No fee's at all, it's a public service......

Now lets not derail the thread, so let's get it back on track.:waving:


----------



## John_DeereGreen

It had Oomkes, Defcon and me from the start, then Buffy came in. 

It was doomed from the word go.


----------



## cpipke

We have 50 residential property's, 6 small restaurants, 3 gas stations, 2 storage facilities and 4 doctor offices. We have 6 to 7 trucks because we service 235 mowing/landscaping accounts during the mowing season. All trucks have plows and my skid steer I use on my farm.


----------



## Maclawnco

cpipke said:


> We have 50 residential property's, 6 small restaurants, 3 gas stations, 2 storage facilities and 4 doctor offices. We have 6 to 7 trucks because we service 235 mowing/landscaping accounts during the mowing season. All trucks have plows and my skid steer I use on my farm.

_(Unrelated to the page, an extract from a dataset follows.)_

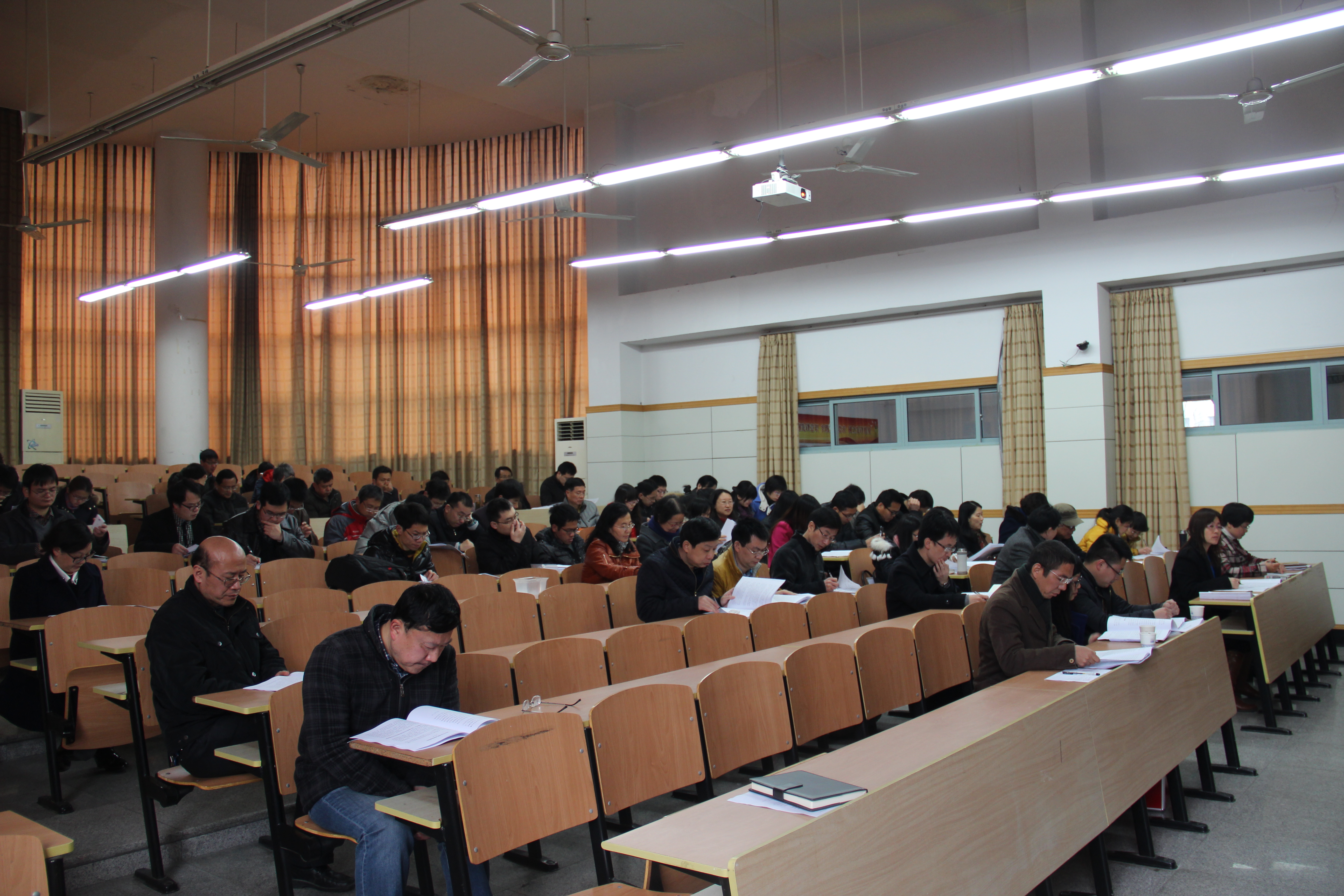 3月8日上午,博彩网 新学期教职工大会在下沙D楼223教室举行。全体教职工参加了会议,会议由执行院长邱化玉主持。会议分为两个议程,一是进行博彩网 领导班子及领导干部2014年度考核测评;二是布置新学期工作。

If you've got 235 mowing clients, we should talk - I'll buy lunch if you want. We do fertilizing and snow, there are many areas in Dayton and Cinci where we don't have a mowing Co to recommend. Would also be glad to sub your fertilizing if you want to make money doing nothing.


----------



## cpipke

The reason they asked me to bid, new ownership and we service his residential property. I very rarely use a lot of salt, none of my residential want salt and most business want the minimum amount of salt because they have concrete drves. We really have no need for high amount of salt, if you have good equipment and you know how to plow its pretty simple to scrap a property clear. But thanks for the lecture. 

CELanscapes, thanks for the comment on the salt amounts, we really don't use much salt on our properties. This property is all blacktop and gets sun a majority of the day. I will look at bumping the amount up. 


Thanks


----------



## cpipke

We are located just north of Dayton, Tipp City to Wapakoneta Ohio and we also do fertilization but I always get requests to service further south, I would be happy to connect you with those customers. 

Thank you


----------



## Broncslefty7

Leigh your only getting 200 per acre for salt? What part of the state are you in?? I'm in newington/Hartford getting 300-350


----------



## leigh

Broncslefty7 said:


> Leigh your only getting 200 per acre for salt? What part of the state are you in?? I'm in newington/Hartford getting 300-350


 In my post I said 250$ for a 2 acre wide open lot. I could spread a wide open 2 acres in 10 minutes with a treated salt cost of 65$ I'm in the Milford/Orange area. Do I charge that rate? no.I've got so many small lots with a 100$ minimum charge that the # is obscene lol I'll send you a pm!


----------



## mccloskeylandscaping

It was my first time plowing yesterday and I did one that Is a 1 acre lot divided by a rock island in the center. I bid it at $225 for 2-4 inches which might sound high for 1 acre but I knew that I would have to contend with cars since it's open 24 hours. Salt is $145 (300lbs). It took me and another truck about 45 minutes to plow 4.5 inches of heavy wet snow. Normally would do it with just one truck, but that's how it worked out this time. There's also about 75 yards of sidewalk to be cleared. I know this isn't record speed by any means, but this place is not an easy one to do and it was my first time. I greatly improved my skills yesterday. Hoping for another big storm next week!


----------



## leigh

My take is that if you didn't hit anything or anyone and didn't break anything you come out on top.You'll fine tune your strategy and cut some time off.


----------